プレゼンテーションのトピックが決まっても、その中身、内容がなければプレゼンテーションはできません。その中身を広く「資料」と呼ぶことにしましょう。資料というと本や論文、または発掘などの野外調査で得た現物や実験データなどを思い浮かべるかもしれません。さらにここでは、自分の知識や経験なども含め、プレゼンテーションの内容を作り上げる中身の情報や現物すべてを含めて考えることにします。こういったものを「データ」や「根拠」と呼ぶこともあります。

「地球は温暖化している」と言ったら聴衆はそのまま受け入れてくれるでしょうか。十数年前だと、本当かなと疑われたかもしれません。現在では定説になっているようでもありますが、用心深い聴衆なら、根拠を示してほしい、どの程度暖かくなっているか数字によって示してほしい、と思うでしょう。

プレゼンテーションにおいて(というより、どんなコミュニケーション場面においても)自分が何か言ったら、「どうして?なぜ?」という疑問に答えられなければなりません。短いプレゼンテーションの時間内にすべての主張に根拠を提示することはできません。それでも、準備段階においては、広く根拠を準備し、根拠に基づいた主張を組み立てることは重要です。また、準備した根拠は、「なぜ?」と問われたときに答える役にも立ちます。主張に資料を添えるというのは、論証の根拠となるものだけではなく、具体例を示すことによって主張自体をわかりやすくする役割もあります。感動を呼ぶ物語もまた、広い意味で資料です。

すべての主張に資料がいるのでしょうか。すべての主張には何らかの根拠がある、という意味ではそうです。ただし、多くの場合、発表者と聴衆が共有している知識や価値観がありますから、すべての主張に根拠を示す必要はありませんし、すべきでもありません。ここで大切になるのは、聴衆と共有している知識は何かということです。はっきりとわかる場合は、明示すべき資料、省略しても構わない資料というのが、すぐにわかります。多くの場合、はっきりとはわからなかったり、聴衆の知識が多様であったりしますから、安全策をとって、聴衆が知らない可能性を重視したほうがいいでしょう。また、十分な資料を提示することによって、発表者が発表内容についてよく知っている、よく調べている、という印象を与え、発表者としての信頼性も増すでしょう。

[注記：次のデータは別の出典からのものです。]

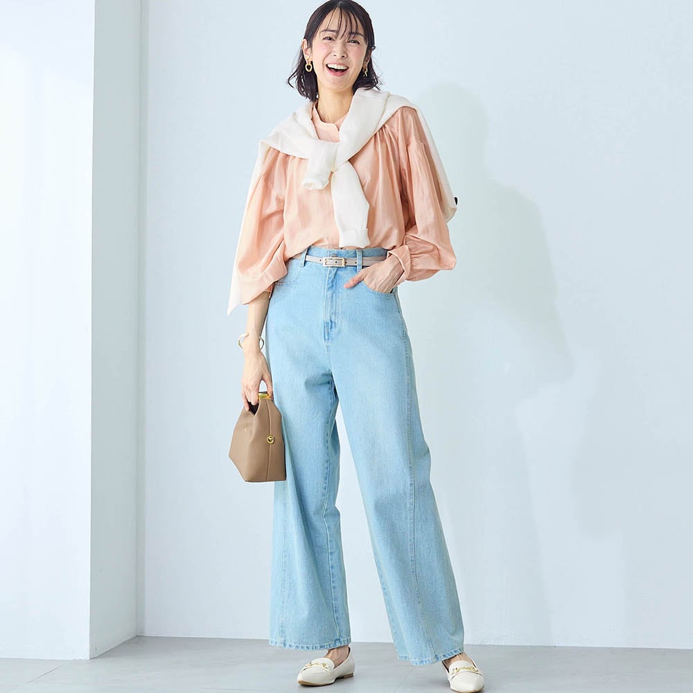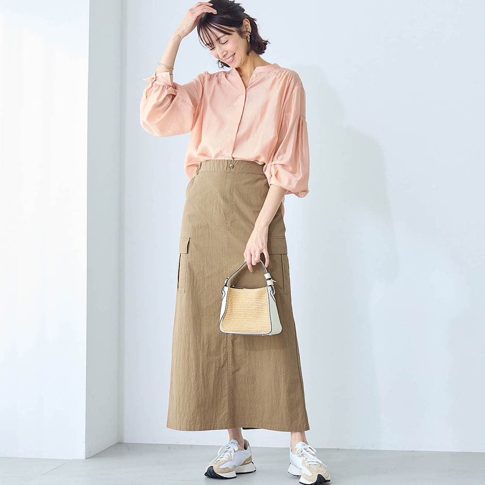 肩に切り替えとさらにそこから少し下がったところにもう一つ切り替えがあり、そこからタックがとってあるのも、私には上半身のボリューム感が出てしまいました。もう少し落ち感のある生地だったら高見えして綺麗だったかなと感じました

本章の各節では、プレゼンテーションで使われる可能性のある資料を、大きく3 つ、自分の知識経験、文献資料、独自調査資料、に分けて説明します。それぞれについて、よりよい資料を得て提示するために、入手方法と資料の質の検証方法を解説します。資料の質の検証は、発表者が自分の資料の質を向上させる基準になるだけではなく、聴衆にとっても、発表者の提示する内容を鵜呑みにせずに批判する能力や態度を養う基にもなります。「批判する」というのは、攻撃的な否定的な意味ではなく、積極的、建設的な意味においてです。こういった批判的能力(Critical Thinking Ability)は情報が氾濫し、だれでもインターネットを通じて世界中に情報発信できる現代社会において必須の能力です。情報の受け手としては、不確かな(もしくは全く嘘の)情報から自分を守るために必要ですし、情報の送り手としても、不正確な(もしくは間違った)情報を発信(独自の発信や他の情報の受け売り)してしまわないために必要な能力です。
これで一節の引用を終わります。